Только если человеку удается перерасти свои инцестуозные привязанности, он получает возможность критически относиться к своей собственной группе; только тогда он вообще обретает способность суждения. Большинство групп (это могут быть первобытные племена, нации или религии) заняты собственным выживанием и поддержанием власти собственных вождей, они эксплуатируют внутреннее нравственное чувство своих членов, чтобы направить его против чужаков, с которыми эти группы находятся в конфликте. Однако они используют инцестуозные узы, которые оставляют человека нравственно скованным его собственной группой, чтобы заглушать его нравственное чувство и суждение, дабы он не критиковал свою группу в случае нарушения ею нравственных принципов, хотя если такие же нарушения совершаются чужаками, его, несомненно, должно охватить неподдельное негодование.

Трагедия всех великих религий в том, что они нарушают и извращают сами принципы свободы, как только становятся массовыми организациями, управляемыми религиозной бюрократией. Религиозные организации и представляющие их люди отчасти занимают место семьи, племени и государства. Они удерживают человека в узах, а не освобождают его. Люди все больше поклоняются не Богу, а группе, которая заявляет, что говорит от его имени. Так происходило во всех религиях. Основатели провели людей через пустыню, освободив их от пут Египта, но позже другие люди привели их в новый Египет, хотя и назвали его Землей Обетованной.

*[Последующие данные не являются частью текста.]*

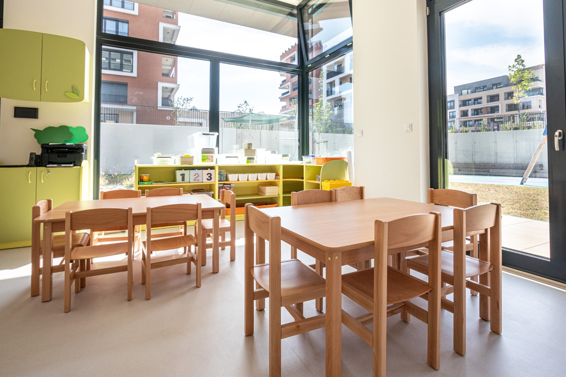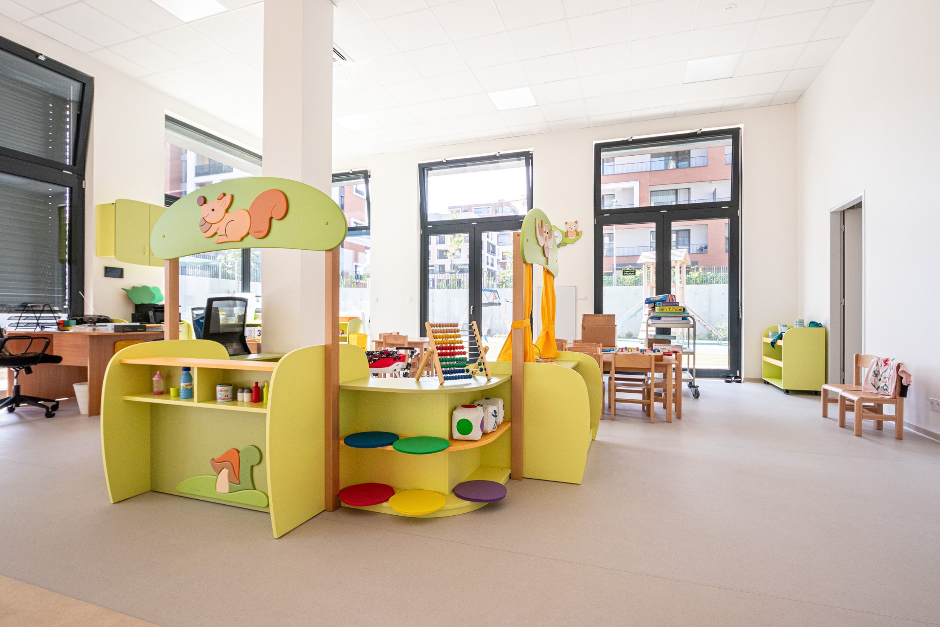 V nové moderní budově z roku 2013 jsou k dispozici pro děti tři třídy, dvě z nich jsou bezbariérové a školní výdejna s jídelnou. Obě budovy jsou propojeny spojovacím krčkem pro jednoduché přecházení z budovy do budovy. Krček je využíván také jako výstavní prostor pro práce dětí keramického kroužku i paní učitelek.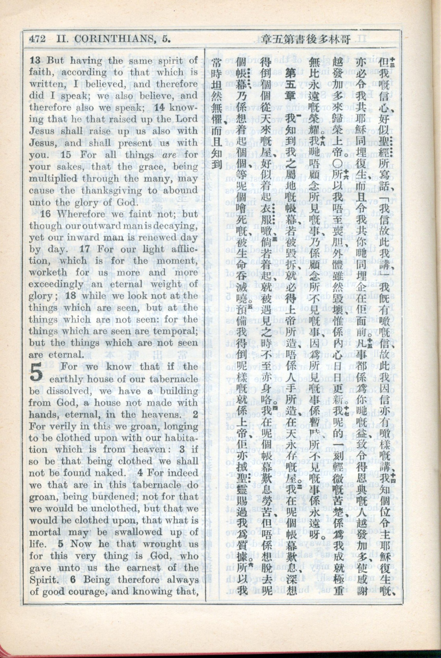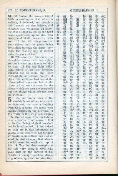 1931年新约全书广东话新译本与美国新译英文 哥林多后书 4 章 13 节到 5 章 6 节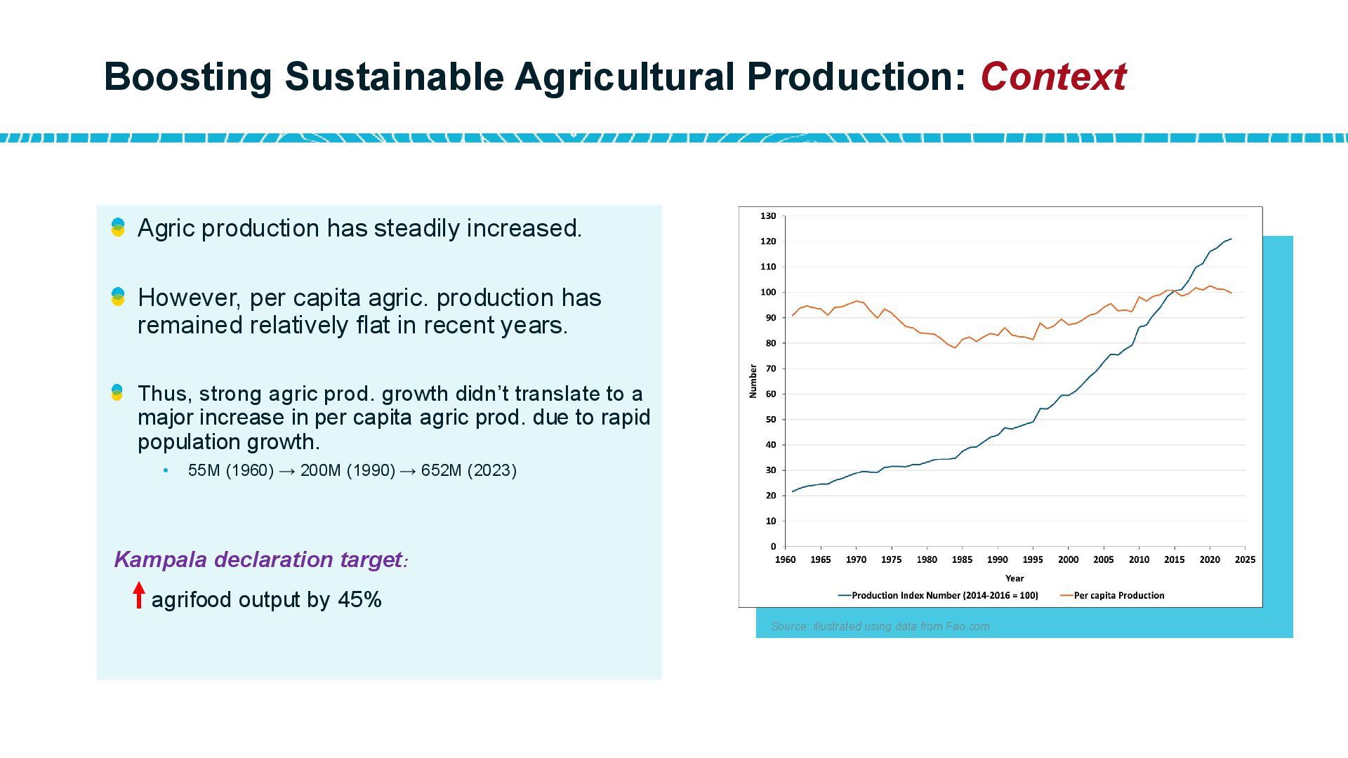 However, per capita agric. production has remained relatively flat in recent years. Thus, strong agric prod. growth didn’t translate to a major increase in per capita agric prod. due to rapid population growth. • 55M (1960) → 200M (1990) → 652M (2023) Kampala declaration target: agrifood output by 45% Source: illustrated using data from Fao.com

Заповедь «возлюби ближнего своего, как самого себя» является базовым принципом, общим для всех гуманистических религий, хотя его формулировки могут немного отличаться друг от друга. Но было бы и в самом деле сложно понять, почему великие духовные наставники человечества требовали  от человека, чтобы он любил, если любовь – столь легкое достижение, как, вероятно, кажется большинству людей. Что называется любовью? Зависимость, подчинение и неспособность выйти за пределы семейного «стойла», господство, обладание и стремление к контролю – все это считается любовью; сексуальная жадность и неспособность пережить одиночество принимаются людьми за доказательство несомненной способности любить. Люди верят, что любить  – это просто, а самое сложное – это быть любимым  . В нашем рыночном обществе люди думают, что их не любят, поскольку они недостаточно «привлекательны», а сама привлекательность основана на чем угодно – начиная с внешности, одежды, ума, денег и заканчивая общественным положением и престижем. Они не знают, что настоящая проблема – это не трудность стать любимым, а сложность любить; что человека любят, только если он сам может любить, если его способность любить вызывает любовь в другом, что именно способность любить, а не производить подделки под любовь, – это самое серьезное достижение.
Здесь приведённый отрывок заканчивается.